┌──
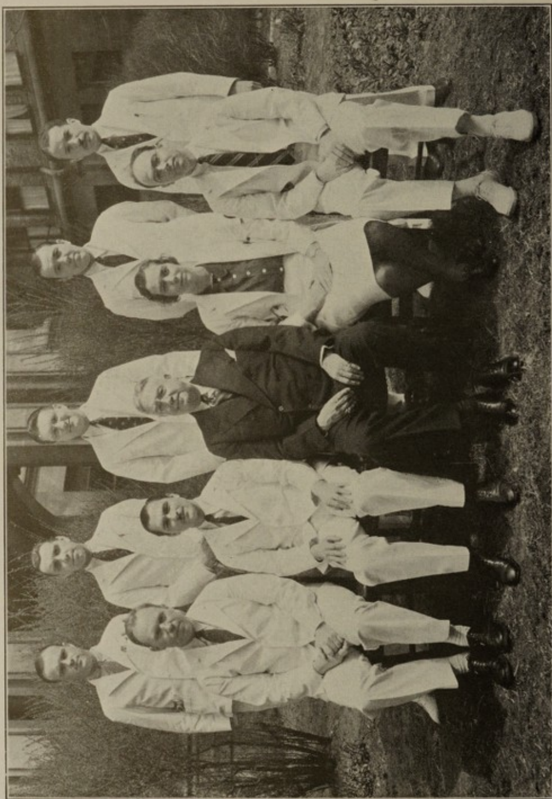
CHIEF SURGEON AND RESIDENT STAFF—1937-1938
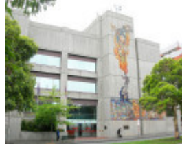
EASTERN HILL FIRE STATION SOHE 2008
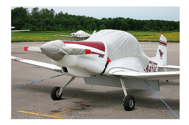
Bushby Mustang Canopy cover and Propellor/Spinner cover

This cover type is made from Silver Acrylic Sunbrella canvas and is 100% lined with a soft and smooth microfiber. Bruce's Custom Covers developed this material combination especially for aircraft protection. The outer material is medium weight and treated for water resistance, UV resistance and anti-static buildup. The inner lining is a very soft and smooth microfiber to prevent scratching. The material is very reflective, and tests show that the cabin interior temperature can be reduced to near-ambient temperature on the hottest of days. It is water, ice and snow repellent, yet breathable to allow moisture to escape from between the cover and the aircraft surface.
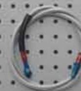
MHR BRAKE HOSE
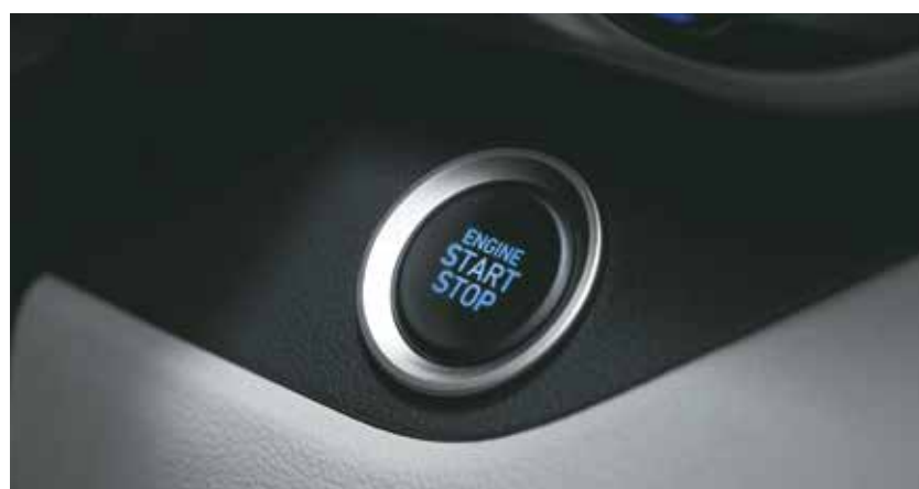
Smart key with push button start/stop
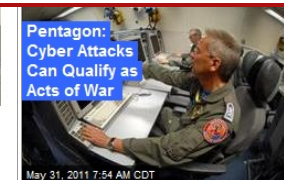
Pentagon: Cyber Attacks Can Qualify as Acts of War May 31, 2011 7:54 AM CDT
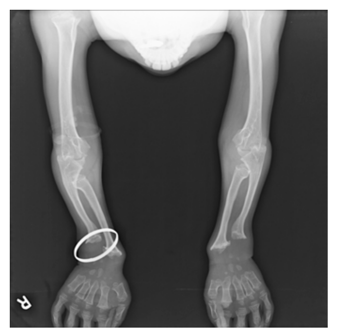
Fig. 3. X-ray of hands and wrists in AP view showng metaphyseal expansion of long bones with cortical thinning, conical (bullet-shaped) proximal bases of 2 - 5 metacarpals with normal construction of metacarpal shafts and tapering of the proximal phalanges. The ossified carpal bones are small and reduced in number for the patient's age. The planes of both the distal ulnar and radial growth plates are slanted towards each other.

A genetic defect has been identified in the N-acetyl-galactosamine-6sulphate sulphatase (GALNS gene) in Morquio's syndrome type IVA or
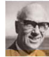
SIR OVE ARUP

Past Projects: Whizzdom Connect in Bangkok, Unixx and The River in Bangkok, amongst many others.
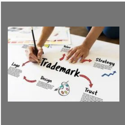
Trademark Registration Services for E-commerce
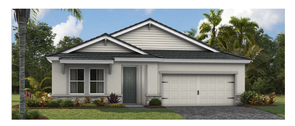
Coastal E | COA5
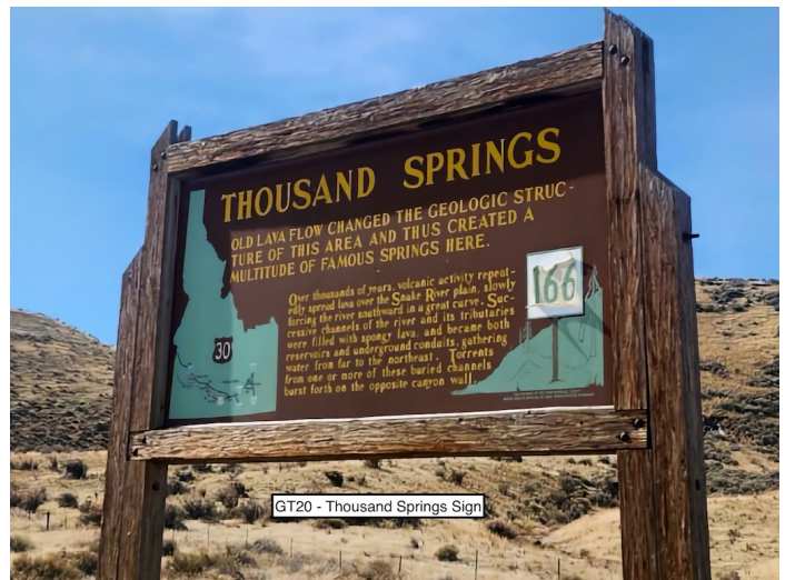
GT20 - Thousand Springs Sign

The Malad River Gorge dam is located at N42.86366, W114.88475 if you want to brave the dirt road and take a look.
└──
WHAT IS NEEDED
Retype every entry exactly as written. Leave the pictures out.

SOLUTION TO THIS EXERCISE
CHIEF SURGEON AND RESIDENT STAFF—1937-1938
EASTERN HILL FIRE STATION SOHE 2008
Bushby Mustang Canopy cover and Propellor/Spinner cover

This cover type is made from Silver Acrylic Sunbrella canvas and is 100% lined with a soft and smooth microfiber. Bruce's Custom Covers developed this material combination especially for aircraft protection. The outer material is medium weight and treated for water resistance, UV resistance and anti-static buildup. The inner lining is a very soft and smooth microfiber to prevent scratching. The material is very reflective, and tests show that the cabin interior temperature can be reduced to near-ambient temperature on the hottest of days. It is water, ice and snow repellent, yet breathable to allow moisture to escape from between the cover and the aircraft surface.
MHR BRAKE HOSE
Smart key with push button start/stop
Pentagon: Cyber Attacks Can Qualify as Acts of War May 31, 2011 7:54 AM CDT
Fig. 3. X-ray of hands and wrists in AP view showng metaphyseal expansion of long bones with cortical thinning, conical (bullet-shaped) proximal bases of 2 - 5 metacarpals with normal construction of metacarpal shafts and tapering of the proximal phalanges. The ossified carpal bones are small and reduced in number for the patient's age. The planes of both the distal ulnar and radial growth plates are slanted towards each other.

A genetic defect has been identified in the N-acetyl-galactosamine-6sulphate sulphatase (GALNS gene) in Morquio's syndrome type IVA or
SIR OVE ARUP

Past Projects: Whizzdom Connect in Bangkok, Unixx and The River in Bangkok, amongst many others.
Trademark Registration Services for E-commerce
Coastal E | COA5
GT20 - Thousand Springs Sign

The Malad River Gorge dam is located at N42.86366, W114.88475 if you want to brave the dirt road and take a look.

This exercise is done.